# mobile homes



## cookea

i am now looking to buy a mobile home in the algarve but they all seem to whant to sell me a new one what i was after was a sited home that is up for private sale does anybody know where people sell there mobiles have trawled the internet with no luck will be coming over in early may to view some sites anything would be helpful cheers guys


----------



## vera

cookea said:


> i am now looking to buy a mobile home in the algarve but they all seem to whant to sell me a new one what i was after was a sited home that is up for private sale does anybody know where people sell there mobiles have trawled the internet with no luck will be coming over in early may to view some sites anything would be helpful cheers guys



Not sure if you would be interested but I have a second hand mobile home for sale sited in Guincho, 800m from the beach. Let me know if this would interest you. Vera


----------



## Sue and Ian

Hi

We too are looking for a place to rent long term in the Algarve, either a Static Caravan 3 bedroom or an appartment, We want to rent for at least 12 months, or if it is a static caravan we may buy if the price is right, We have trawled the internet and the papers sent to us from ians dad in Alvor, But some of the caravans they say are large are touring vans, not realy big enough to live in with two kids, two adults and a dog.
any tips, or if anyone knows of such a thing would be great help

sue and ian


----------



## Mr.Blueskies

Hi Guys,

I am not trying to put you off or anything but there has been
a lot of bad press about various mobile home parks. I have read some horror
on a spanish forum about people who were done out of a lot of money because
of dodgy unregulated sites. It seems that they bought mobile homes in good
faith through these people and agreed to pay a fixed annual rent. Once there
money had been paid over, there was now a change of ownership ??? and the
ground rent just kept going up and up. When they refused to pay he just towed
 their mobile home off of the park and left it on the street. 

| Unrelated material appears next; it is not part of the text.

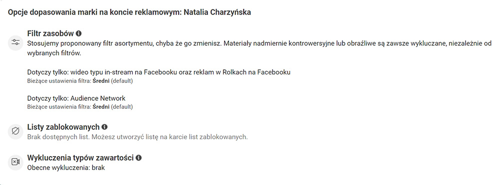 Natomiast w zakładce “Środki kontroli” możesz ustawić “moc” automatycznego filtra, który samodzielnie ocenia, gdzie twoje reklamy mogą się wyświetlać a gdzie nie powinny. Domyślnie ustawiony jest filtr Średni.

Some mobile homes that were being sold were also found to
have been stolen in the uk. So my advice to you is to be very careful before you
go down the mobile home route.


----------



## cookea

*mobile home*



vera said:


> Not sure if you would be interested but I have a second hand mobile home for sale sited in Guincho, 800m from the beach. Let me know if this would interest you. Vera


hi vera yes i would be very interested if you have pictures and more info not a place i know thanks


----------